In Spark, let's say that I have a dataframe that undergoes some 100 transformations and then there is a single action applied. Will caching an intermediate dataframe help under any circumstances? I can see that caching will help when there is more than one action applied on a dataframe but how about a single action?
To clarify:
I have a dataframe A using which I obtain 2 different dataframes B and C. Then I do a union of B and C to form D on which I apply an action. Imagine this happening in a very complicated scenario with lots of branches. Will caching A speed up the process?
Caching a DataFrame has no benefit on the first time it needs to be evaluated (in fact it actually has a performance cost and obviously increases memory use). It's only on reuse that caching helps.
If you split A into B and C, then use both B and C, you've just used A twice, so caching it will help.
Number of Actions is not an important measure, what matters is the execution path.

passing RDD into an utility function

In order to make code more clean, I put some tasks/functions in the main code into an utility class/function, then pass the entire RDD to the function, like:
val myResultRDD = MyUtiltity.processData(myRDD1, myRDD2, myRDD3).saveAsTextFile("output", classOf[GzipCodec])
then the code becomes very slow compare with keeping everything in the main code. I am wondering if I have 10 executors, does the job copy myRDD1, myRDD2, and myRDD3 to each executor? So I have 10 myRDD1, 10 myRDD2, and 10 myRDD3 in the memories?

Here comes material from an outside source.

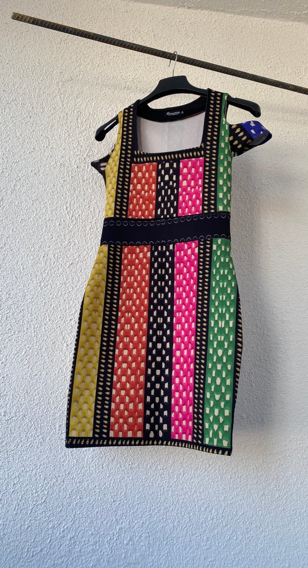 Renkli Örgü Dokulu Kalem Elbise
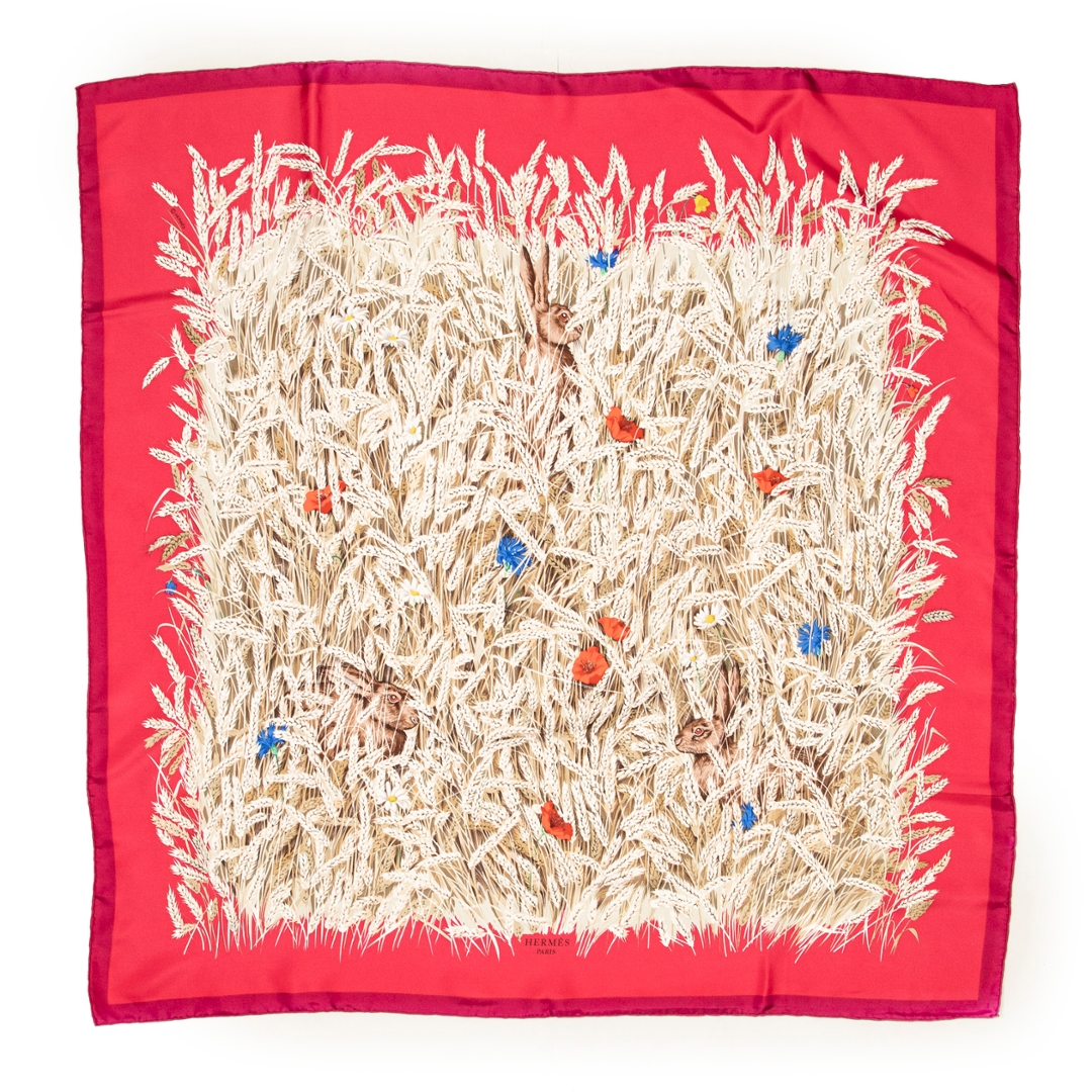 A vintage Hermès silk scarf presented in a rich maroon and beige colourway, beautifully accented with delicate botanical detailing. Crafted from luxurious silk, this carré showcases an elegant wheat and floral motif, brought to life with subtle blue highlights that add depth and visual interest against the warm-toned background.

As long as you don't wastefully cache() or collect() RDDs inside your utility function, then what you have here should not affect performance.
Applying a sequence of transformation (e.g., map, fold, reduce, etc.) to any number of RDDs and combining them into a new RDD (say, though joins) does not execute anything until you either collect or persist the RDD. Therefore, adding your sequence of transformations in a function or having them scattered in your "main" should not affect performance.